On Mon, Dec 19, 2016 at 02:48:48PM -0500, David Miller wrote: > One thing that's interesting is that if the user picks "IPPROTO_RAW" > as the value of 'protocol' we set inet->hdrincl to 1. > > The user can also set inet->hdrincl to 1 or 0 via setsockopt(). > > I think this is part of the problem. The test above means to check > for "RAW socket with hdrincl set" and is trying to do this more simply. > But because setsockopt() can set this arbitrarily, testing sk_protocol > alone isn't enough. > > So changing: > > sk->sk_protocol == IPPROTO_RAW > > into something like: > > (sk->sk_socket->type == SOCK_RAW && inet_sk(sk)->hdrincl) > > should correct the test. > .. > > You can test if the change I suggest above works. Unfortunately, this made no difference. I spent some time today trying to make a better reproducer, but failed. I'll revisit again tomorrow. Maybe I need >1 process/thread to trigger this. That would explain why I can trigger it with Trinity. Dave
On Mon, Dec 19, 2016 at 07:31:44PM -0500, Dave Jones wrote: > Unfortunately, this made no difference.

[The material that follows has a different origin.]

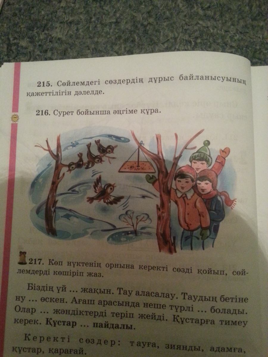 Қыс мезгили келди . Балалар далада ойнап аққалақ жасап жур . Саша Олег жәнеде айбек құстарға жем салатын үйшік истеди . Олар оте қуанды ойткени олар игілік ис истеди . Құстарға ұшып келип жемді жеді . үлкендер балалардың не истеген ин корип оте қуанды . Адам миримди болуы керек

I spent some time today trying > to make a better reproducer, but failed. I'll revisit again tomorrow. > > Maybe I need >1 process/thread to trigger this. That would explain why > I can trigger it with Trinity. scratch that last part, I finally just repro'd it with a single process. Dave
From: Dave Jones <davej@codemonkey.org.uk> Date: Mon, 19 Dec 2016 19:40:13 -0500 > On Mon, Dec 19, 2016 at 07:31:44PM -0500, Dave Jones wrote: > > > Unfortunately, this made no difference. I spent some time today trying > > to make a better reproducer, but failed. I'll revisit again tomorrow. > > > > Maybe I need >1 process/thread to trigger this. That would explain why > > I can trigger it with Trinity. > > scratch that last part, I finally just repro'd it with a single process. Thanks for the info, I'll try to think about this some more.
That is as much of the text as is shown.